В этом помещении произошел потоп — я архитектор, у нас там стояли наши макеты, и все наши работы тоже затопило вместе с документацией, хранившейся там. А документация это была какая — журнал, в котором записывали, кому и что распределяли. И именно так я лично соприкоснулась с этой системой.
По заказам распределяли зеленый горошек, майонез, тушенку, которой у нас были стратегические запасы и которые таким образом списывали через два года, и галеты. Еще была гречка, потому что она предназначалась только для тех, у кого был сахарный диабет, в простой продаже ее не было. А тут можно было, плюс ко всему прочему, получить одну или две пачки. И еще фаршированный перец Globus, который был очень дефицитным и вкусным.
Ну и конфеты Куйбышевской фабрики, которые закончили продавать в магазинах, насколько я помню, еще в 1974 году, — они исчезли в одночасье. Нам сказали, что что-то там случилось с импортом какао-бобов, что мы с какой-то страной, их производящей, перестали дружить. Другая версия была, что все идет на экспорт.
Причем конфеты эти были классные, в красивых коробках. Помню, что родителям досталась как-то коробка с шоколадными бутылочками в разноцветной фольге, в которых был ликер, коньяк… Для простых смертных этого в Куйбышеве не было, только через стол заказов. Все остальное доставалось по блату, скажем, из столовой — мясо, например. Из мясных продуктов помню, как в магазине продавали ливерную колбасу и кости каких-то сайгаков.
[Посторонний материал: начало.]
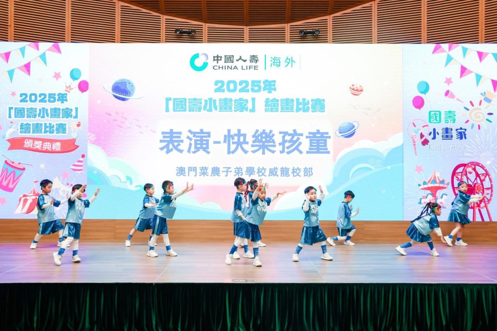 威龍分校的小畫家在比賽中獲得優異的成績,更獲邀在典禮上表演舞蹈《快樂孩童》。作為頒獎禮的第一個表演節目,輕快的音樂與小朋友充滿活力的舞步,令現場氣氛熱鬧起來。其後,即進行頒奬儀式。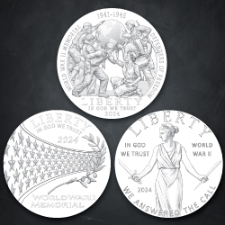 “The Greatest Generation commemorative coin designs are emblematic of the National World War II Memorial and the service and sacrifice of American soldiers and civilians during World War II,” said United States Mint Director Ventris C. Gibson.  “We hope this program will honor their unwavering courage and selfless spirit.”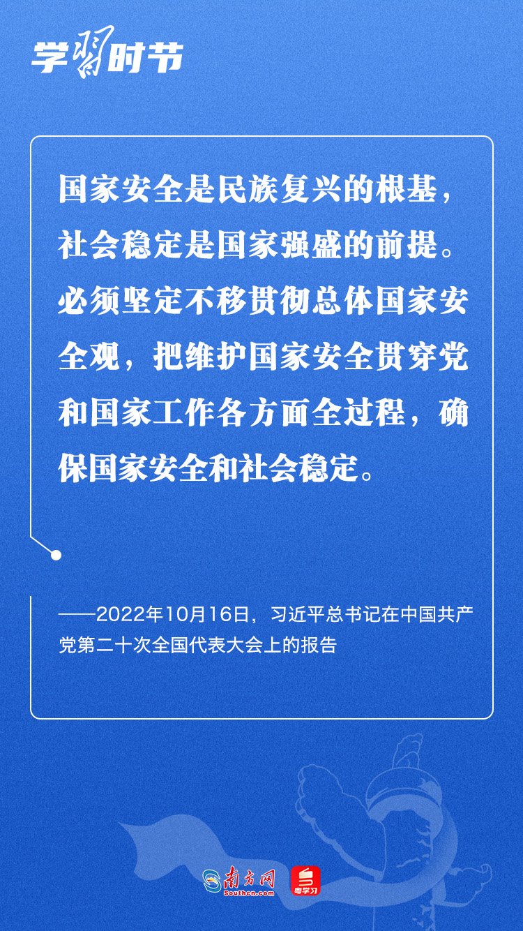 習(xí)近平總書記在黨的二十大報(bào)告中指出:“國(guó)家安全是民族復(fù)興的根基,社會(huì)穩(wěn)定是國(guó)家強(qiáng)盛的前提?!?月15日是我國(guó)第八個(gè)全民國(guó)家安全教育日。習(xí)近平總書記在2016年首個(gè)全民國(guó)家安全教育日到來之際曾強(qiáng)調(diào),實(shí)現(xiàn)中華民族偉大復(fù)興的中國(guó)夢(mèng),保證人民安居樂業(yè),國(guó)家安全是頭等大事。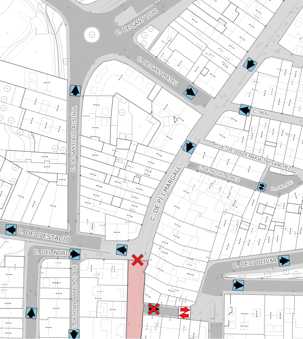 Concretament, en el carrer de Sant Mateu, s’ha eliminat la doble circulació que fins ara afectava la zona per les obres entre el Museu de la Pagesia i el carrer de Sant Lluc. D’aquesta manera, el carrer ha tornat a ser d’un únic sentit en direcció al carrer Pi i Maragall. Per altra banda, en el carrer Santiago Rusiñol també s’ha eliminat el canvi de direcció a causa de les obres i el sentit torna a ser en direcció al carrer de Sant Mateu.

Заказы можно было получить только на 8 Марта и Новый год — все. Да, у некоторых Новый год был связан с заказами, но поскольку мои родители были простыми рабочими, то им это шло только по линии профсоюза. Все распределения шли где-то выше. Моим доставалось постольку поскольку. Сначала в этой иерархии заказов шло начальство, потом — ветераны и третья категория — обычные рабочие, служащие, которые входили в систему по остаточному принципу. В Москве, конечно, была совсем другая история. Представьте, если из Самары туда ездили за продуктами — понимаете разницу? 18 часов в поезде, и чтобы все мясо потекло на полке...
Все мы относились к этой системе скептически. Мы считали, что это ниже человеческого достоинства, легче вообще обойтись без этих заказов. Легче поехать в Москву, чем идти и клянчить через какого-нибудь Николая Ивановича, бумажки носить… Это был такой позор! Моему поколению это было неприятно.
Моей свекрови, доктору, постоянно что-то приносили, полученное через это распределение, и она этим буквально кидалась, не принимала. Считала, что это унизительно для врача
Заказы, кстати, давали еще ударникам социалистического труда. Мы школьниками писали социалистические обязательства, сидя за партой, — какие-то планы для себя… То же самое было на работе: если ты якобы чего-то достиг, то получал паек. Это же вообще позорище, и большинство людей это так и воспринимали.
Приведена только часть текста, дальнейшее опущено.